Figure 9(b) shows the average text entry speed for participants belonging to the high completion group. In this group, their text entry speed with PhraseWriter (23.9 words per minute, 95% CI [17.7, 30.2]) was not significantly different to that of the baseline (26.3 words per minute, 95% CI [21.6, 31.0]): $t(13)=-2.18$, $p=.07$.

Further analysis revealed that the high completion group required a longer time interval between keystrokes (mean $556 \,\mathrm{ms}$, 95% CI [432, 681]) than the low completion group (mean $305 \,\mathrm{ms}$, 95% CI [242, 369]; $t(12)=3.86$, $p=.002$), which suggests that frequent users of word completion features type slower in general, potentially due to the higher motor costs [32]. This supports our Simulation II (Section 5.4) assumption that faster typists use word completions less frequently.

To understand what accounts for the performance difference between the high and low completion groups, we calculated the action time and action count for five types of actions: (1) text key presses, (2) suggestion presses, (3) seperator key presses, (4) backspace key presses, and (5) cursor movements (see Figure 10).

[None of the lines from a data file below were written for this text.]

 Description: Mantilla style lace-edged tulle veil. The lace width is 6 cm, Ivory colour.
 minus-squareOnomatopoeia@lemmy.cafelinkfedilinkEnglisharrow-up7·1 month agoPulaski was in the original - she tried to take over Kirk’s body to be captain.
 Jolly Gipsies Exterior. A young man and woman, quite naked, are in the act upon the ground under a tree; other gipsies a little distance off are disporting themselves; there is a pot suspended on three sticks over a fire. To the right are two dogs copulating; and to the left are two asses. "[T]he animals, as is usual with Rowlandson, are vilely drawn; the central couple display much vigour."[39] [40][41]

The bottom row in Figure 10 (action time per block) shows that for both groups the performance gap between the baseline and PhraseWriter is predominantly caused by three actions: text key presses, suggestion presses, and separator key presses. For the low completion usage group, the top row (action count per block) shows that these users saved more keystrokes and kept a consistent number of explicit suggestion selections when using PhraseWriter. For both groups, the average time spent on each action (middle row) was consistent for all types of action between the two conditions, except for suggestion presses, which suggests that the cognitive overhead of selecting a multi-word suggestion may be the main cause of the slower time performance with PhraseWriter.

Fig. 10.

The figure also shows that C-PAK may have different implications on the text entry experience for different types of users. For the low completion group, C-PAK allowed them to significantly reduce the number of text key press actions. This suggests a benefit for fast typists to type out fewer characters explicitly. For the high completion group, the suggestion press count was lower, while the separator key press count was higher. This is consistent with the one of the hypothesized benefits of C-PAK, which is to replace the costly suggestion selection actions with lower-cost separator actions (e.g., entering spaces).

6.5.5 Relationship Between Abbreviation Rate and Phrase Commonality.

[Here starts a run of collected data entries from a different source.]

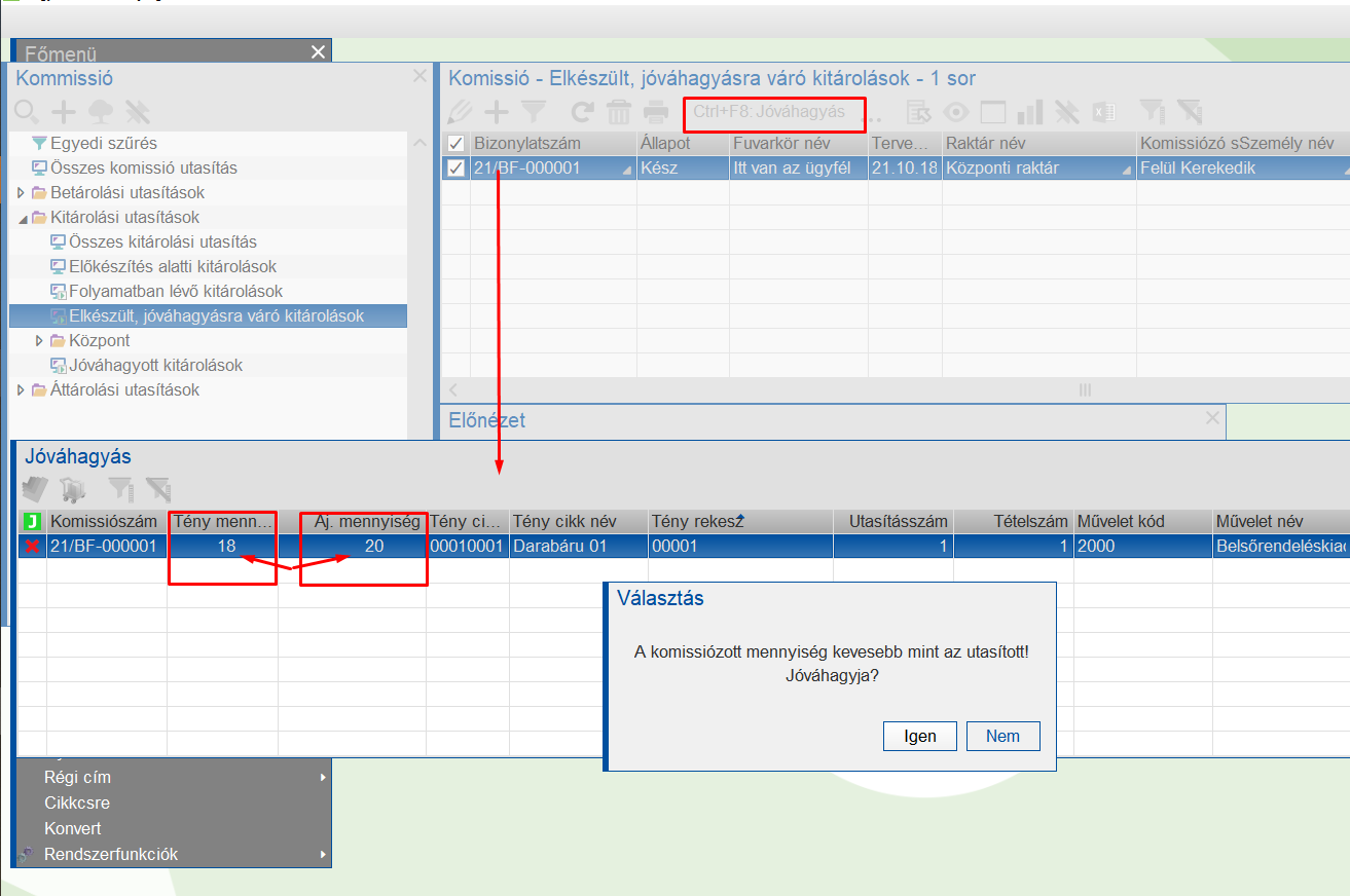 Jóváhagyás művelet elindítása után azoknál a tételeknél, ahol valami eltérés mutatkozik a jóváhagyás csak "kézi" elfogadás után indul csak el.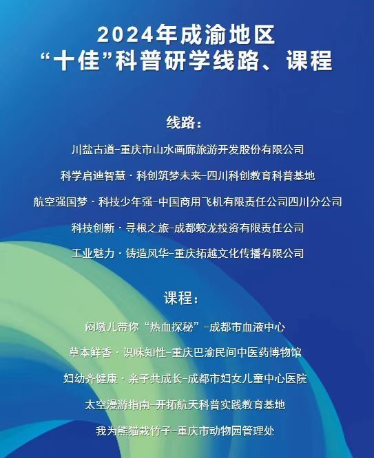近年來(lái),成渝兩地的科普基地在科普能力提升、科普活動(dòng)策劃開(kāi)展等方面深耕細(xì)作,創(chuàng)新性地開(kāi)展了一系列科普工作,各具特色,并取得了較好的成效。活動(dòng)現(xiàn)場(chǎng)對(duì)2024年成渝地區(qū)“十佳”科普研學(xué)線路、課程、基(營(yíng))地和導(dǎo)師進(jìn)行了授牌。其中,“十佳”科普研學(xué)線路和課程包括川鹽古道、科學(xué)啟迪智慧·科創(chuàng)筑夢(mèng)未來(lái),我為熊貓摘竹子等;“十佳”科普研學(xué)基(營(yíng))地和導(dǎo)師包括成都博物館、成都川菜博物館,重慶師范大學(xué)的付文博等。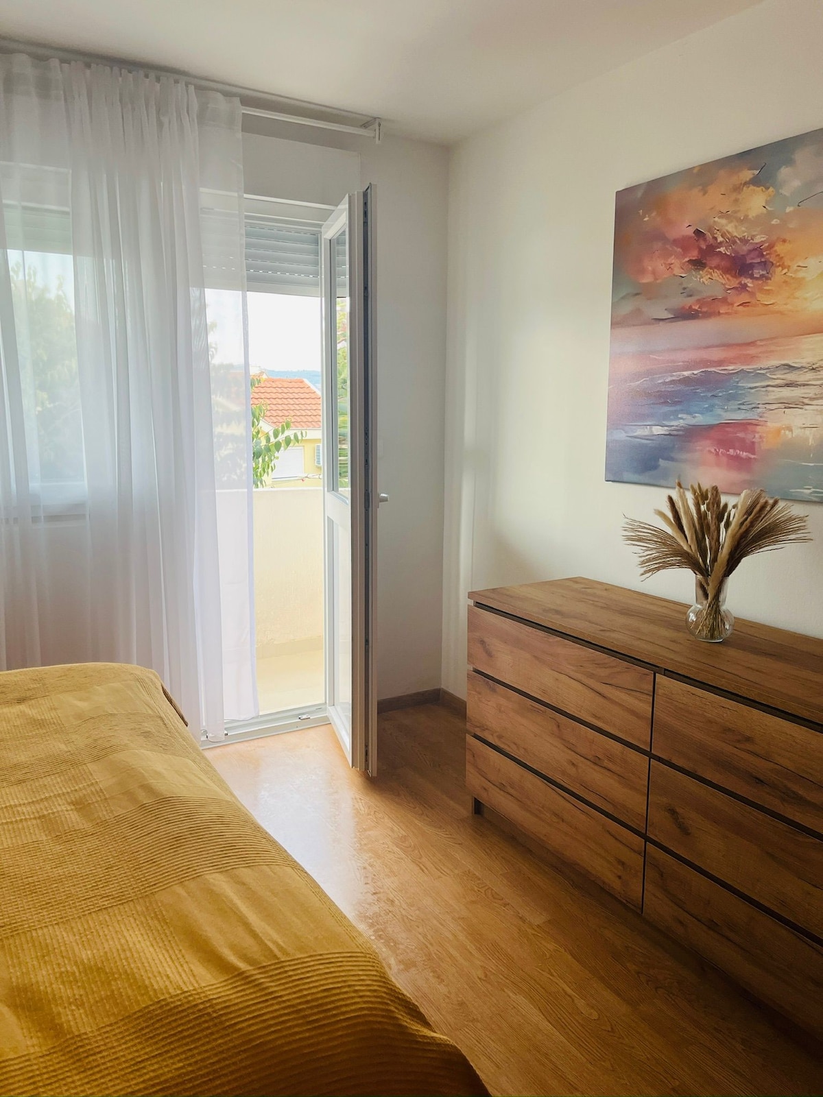 Very bright 1 bed/1 bath apt., sofa can be used only for a child of 4-10y old, southeast-facing big terrace, expansive views of Lovcen National Park & Tivat Bay. Peaceful downtown location. A/C, equipped small kitchen, 3min walk to sea & beach. 5min walk to Porto Montenegro. 2min walk to green market, promenades, stores, restaurants & cafes. WIFI and Cable TV free of charge. Please be aware that you can not book a day before other guests stay or one day after their stay as we need to clean up

In Simulation III (Section 5.5) we demonstrated that PhraseWriter is particularly powerful for completing common phrases, which means users can theoretically save more keystrokes when entering common phrases using PhraseWriter than using word-level completion. Accordingly, we curated a dataset that contained the literal input and the target input in pairs for each commit action to examine the relationship between the abbreviation rate of the literal input and the commonality of the target input (word or phrase). This analysis provides empirical evidence about novice users’ ability to leverage the benefits of C-PAK for common phrases.

The abbreviation rate is defined as the number of characters in the literal input minus the number of words, normalized by the number of characters in the target. This is effectively a normalized version of the keystroke savings rate that ranges from 0 to 1 regardless of the word count and the length of the word. The commonality of a phrase is defined as the number of individuals that used the phrase in Enron dataset, which is the same measure used in Simulation III (Section 5.5).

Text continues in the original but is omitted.